Mehrere Wechselrichter im Parallelbetrieb

  • Hallo ins Forum,


    ich bin ganz neu bei Euch unterwegs und hoffe, ich habe hier den richtigen Einstieg gefunden !


    Ich plane eine Anlage, mein Ziel: Möglichst kalkulierbar und preiswert produzieren, kein Schnick-Schnack, keine chinesische Cloud, einfach nur Strom "machen" ...


    Meine Idee habe ich im Anhang geschildert - bitte schaut doch mal fachmännisch / fachfraulich über das Papier.
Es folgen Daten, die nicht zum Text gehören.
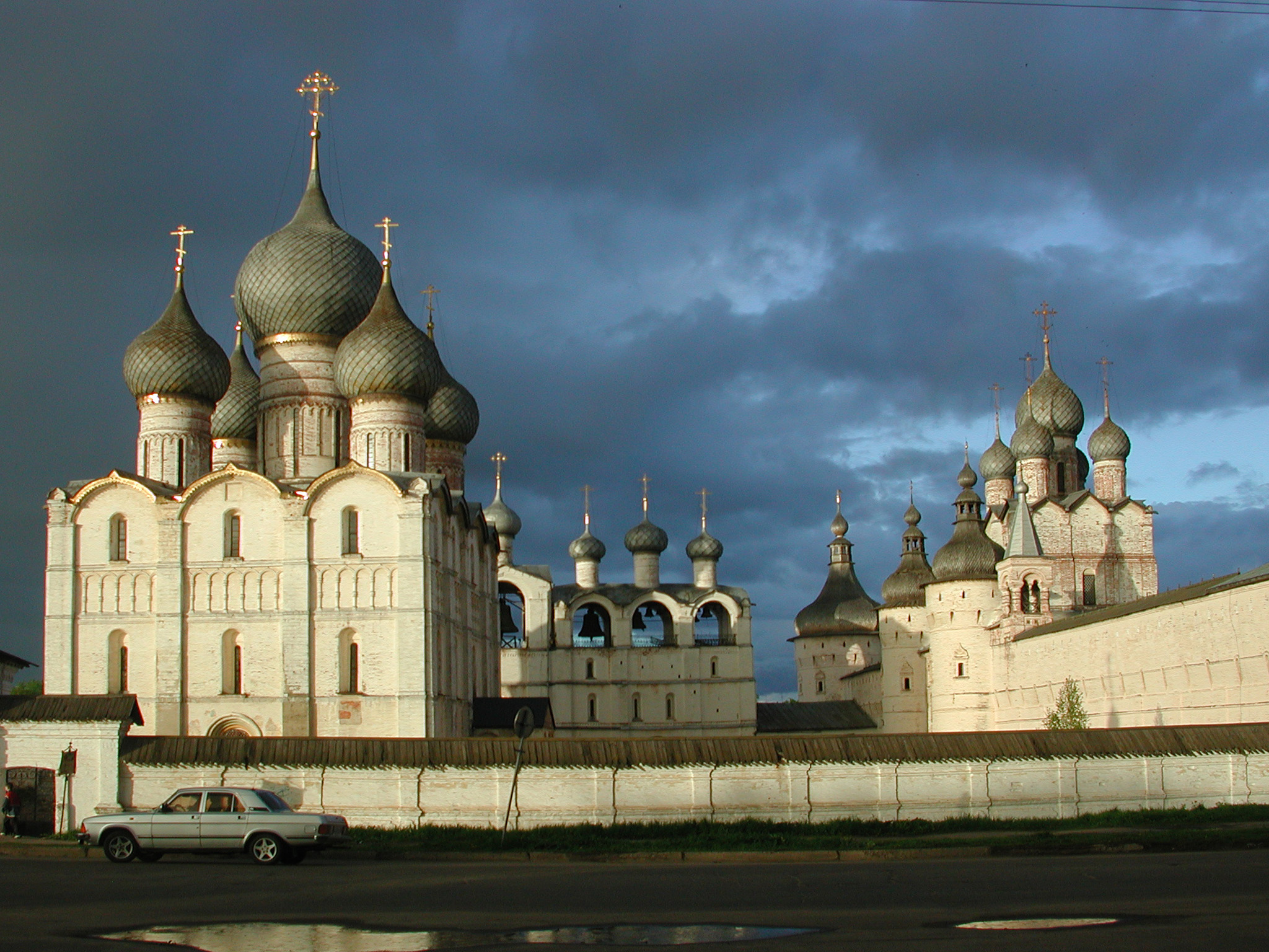 Partial view of the Rostov Kremlin, Yaroslavl Oblast, Russia.

    Die Idee basiert auf vier YUMA Roof 1600-Paketen. Warum Yuma : Komplettsystem, 12 Jahre Garantie auf den WR und 25 Jahre auf die Module,
    gute Unterkonstruktion und alles aus einer Hand (zudem wohne ich nahe Köln und kann dort alles abholen) => ich kann gut über 25 Jahre kalkulieren.


    Mein Elektromeister (ein toller Fachmann, aber leider kaum Ahnung von Solar) würde mir das bauen.
    Ich frage mich aber, ob es technisch realisierbar ist, diese 4 WR so zu betreiben und auch noch ein wenig Geld für den Überschuss der ins Netz geht,

    zu bekommen.


    Vielen Dank schon mal ins Forum

    und Gruß aus der kleinsten Stadt Deutschlands

    (was zwar nicht stimmt aber Touristen hier immer erzählt wird :)


    Thomas


    P.S.: Die KWh (auf 24 Jahre gerechnet = 2 x WR-Garantiezeiten und Tausch nach 12 Jahren), kosten bei meinem Konzept 0,061 € ...
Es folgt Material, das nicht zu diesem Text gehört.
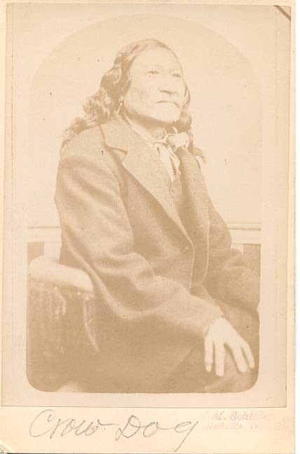 Lakota chief Crog Dog (1833–1910)

  • Okay, über Sinn und Unsinn kann gestritten werden , Technisch ist es möglich , die Wechselrichter müssen auf die Phasen verteilt werden , das war es .

  • Hallo André,


    Danke für die schnelle Reaktion !


    "Groß" können alle und fast hätte ich bei Enpal 12 KWp unterschrieben, mit allem PiPaPo, incl. Wallbox und 10 KW Speicher
    gut 35 K€, Produktionskosten > 0,20 €/KWh - und damit hätte uns jede nicht verbrauchte KWh richtig Geld gekostet ...
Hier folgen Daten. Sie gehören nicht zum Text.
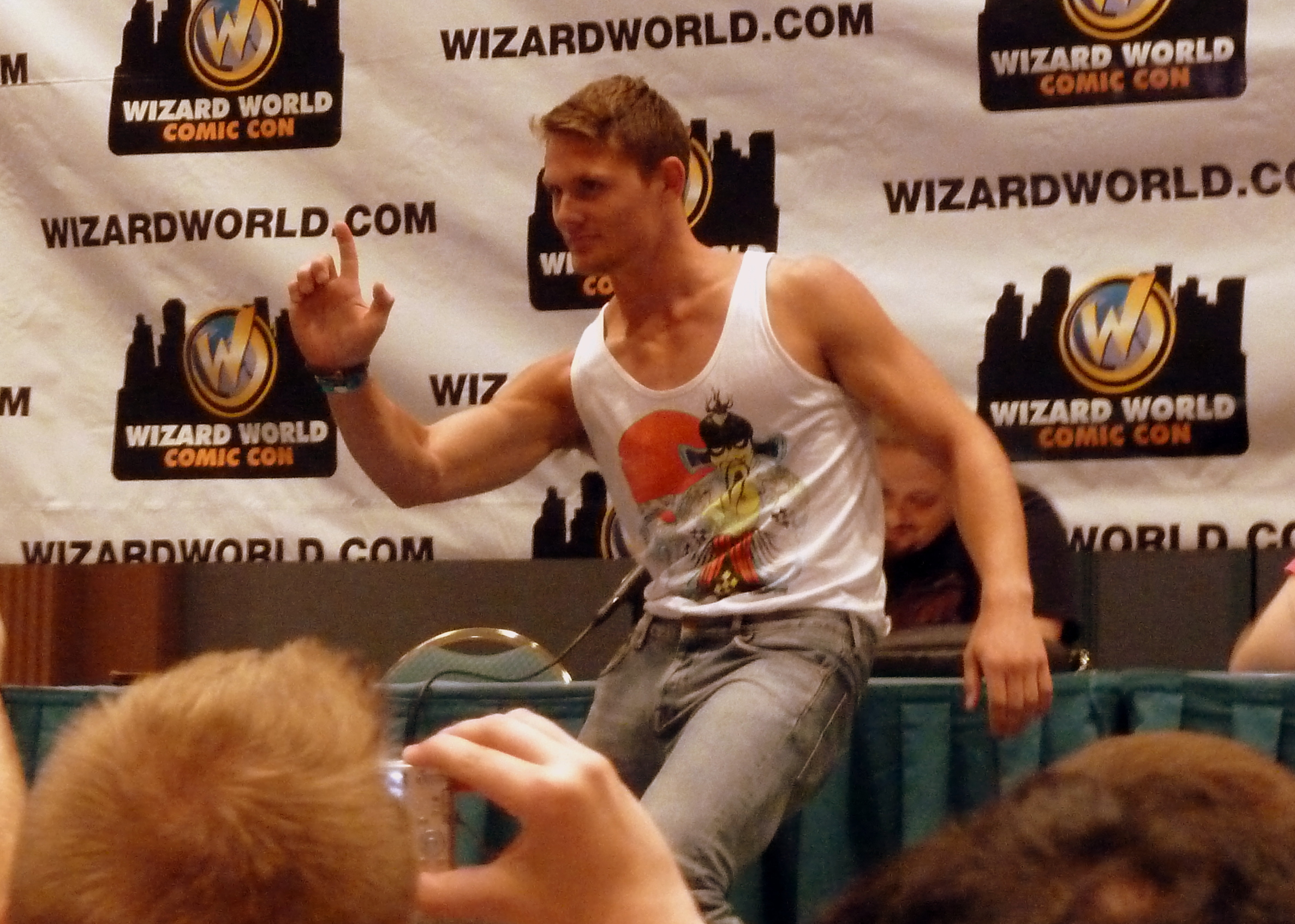 Jack Burton from Big Trouble in Little China Cosplay at Wizard World Chicago 2011.

    Ich habe dann selber ermittelt, was ich bei uns produzieren kann und wo die wahrscheinlich "optimale" Anlagengröße für mich liegt (4 - 5 KWp) und dann versucht, dass preiswert (nicht billig) zu realisieren.


    Angebot Elektriker für Komplettsystem (deutlich schlechtere Garantieleistung) : 11.000 € / 7,8 KWp.
    Produktionskosten über 25 Jahre bei 0,115€/KWh und eine Rendite von 2,65 % (was u.a. dran liegt, das der
    Strom-Überschuss bei 0,086 € Einspeisevergütung Geld kostet).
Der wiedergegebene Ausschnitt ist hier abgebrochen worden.